This is an in-depth established research front in the field of crop science. In agriculture, soil is the basic means of production, and is the foundation of crop growth. The support of fertilizers is required to improve soil fertility. Therefore, ensuring a stable supply of soil fertilizers and improving the efficiency of their use is the key to realizing sustainable agricultural development. In addition, improving the distribution of soil fertilizers, preventing environmental pollution and arable land degradation, and meeting the nutritional requirements of crops through rational fertilization are essential for achieving green agricultural development. The composition of soil should be thoroughly tested before applying a specific fertilization treatment. For highly fertile soils, ensuring high productivity and the efficient recycling of nutrients are important areas of research.

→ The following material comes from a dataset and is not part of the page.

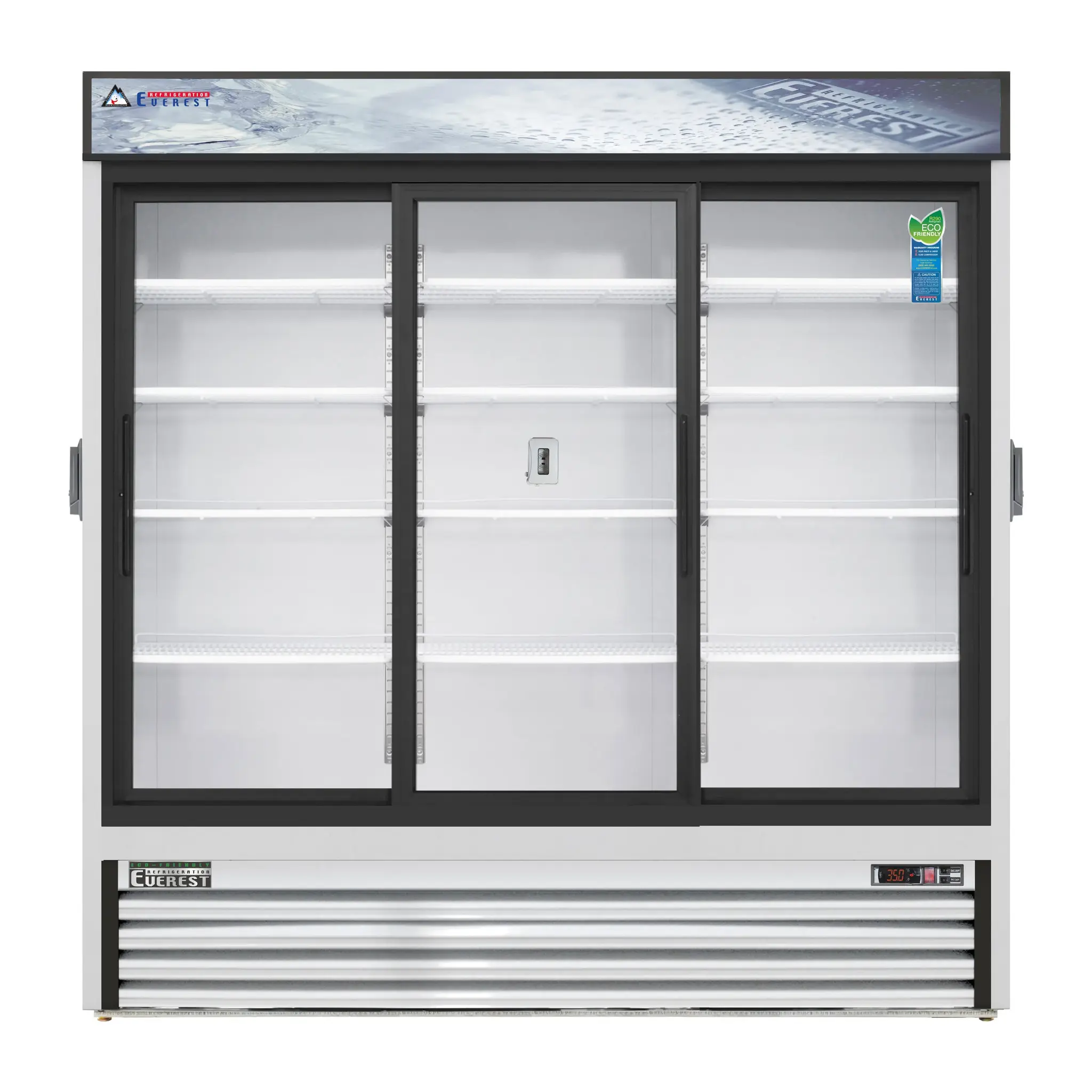 Create culinary magic with the Everest Refrigeration EMGR69C Reach-In Glass Door Chromatography Refrigerator. This three-section refrigerator is designed to meet the needs of commercial restaurants, offering a spacious 69.0 cu. ft. capacity to store all your ingredients and beverages. The self-contained bottom mounted refrigeration ensures efficient cooling, while the three sliding glass self-closing doors provide easy access to your products. With 12 epoxy coated wire shelves and height adjustable clips, you can customize the interior space to suit your needs. The digital controls with LED display allow for precise temperature management, and the auto defrost feature ensures hassle-free maintenance. The LED interior lighting with an on/off switch illuminates the contents, making it easy to find what you need. This refrigerator also features double-pane glass, a white coated steel interior and exterior, and a stainless steel floor for durability and easy cleaning. With its NSF and cETLus ETL-Sanitation certifications, this Everest Refrigeration EMGR69C refrigerator is a reliable and safe choice for any commercial kitchen.

(9)  Mechanism of plant response to biotic and abiotic stress

This is a newly emerging research front in the field of agricultural resources science. The important research front diagram reveals two major areas of research: biotic and abiotic stress. Of these types, biotic stressors include insects (herbivory) and gray mold (fungus). The main research directions include defense-response, immune response, systemic acquired resistance, induced resistance and signal transduction. In the area of abiotic stress, the most commonly researched factors and fronts include drought, reactive oxygen species, high temperature, salt, oxidative stress and osmotic stress. The research involves content such as the role of abscisic, salicylic, and jasmonic acids in hormone signaling. It also includes major areas such as photosynthesis, stomatal conductance, and antioxidant enzyme systems. With respect to the methods employed, gene expression, transcription factors and transcriptional regulation remain the focus of this research. At the same time, modern “omics” fields, including transcriptomics and proteomics, are also important areas of research.

(10)  Impact of forest structure on forest carbon cycle

This is an in-depth established research front in the field of forestry engineering. The carbon cycle has significant impacts at a global scale, especially climate warming. As forest ecosystems are a principal component of the terrestrial biosphere, changes in the carbon cycle of forest ecosystems have become an important research area in the field of global change. Research into the carbon cycle of forest ecosystem involves experimental methods such as biomass inventory, micrometeorology, the carbon-isotope technique, and geo-information science methods and modeling. Carbon sequestration and carbon-density distribution show large regional and spatiotemporal differences in forest vegetation and soil. In addition, the effect of environmental factors changes in different seasons. Therefore, research into carbon- cycle dynamics in forest ecosystems generally adopts a regional-scale transect carbon source/sink structure as the basis for the development of mainstream methodologies, including spatiotemporal quantification, acquisition of geo- information and modeling. Its goal is to quantitatively analyze the effect of human activity on the carbon budget of forest ecosystems, and to investigate the changes in the carbon cycle in these systems under global climate change. These unique carbon-cycle models for forest ecosystems have helped to broaden the application of modern science and technology, in areas such as computer technology and remote sensing, in the field of forest ecology.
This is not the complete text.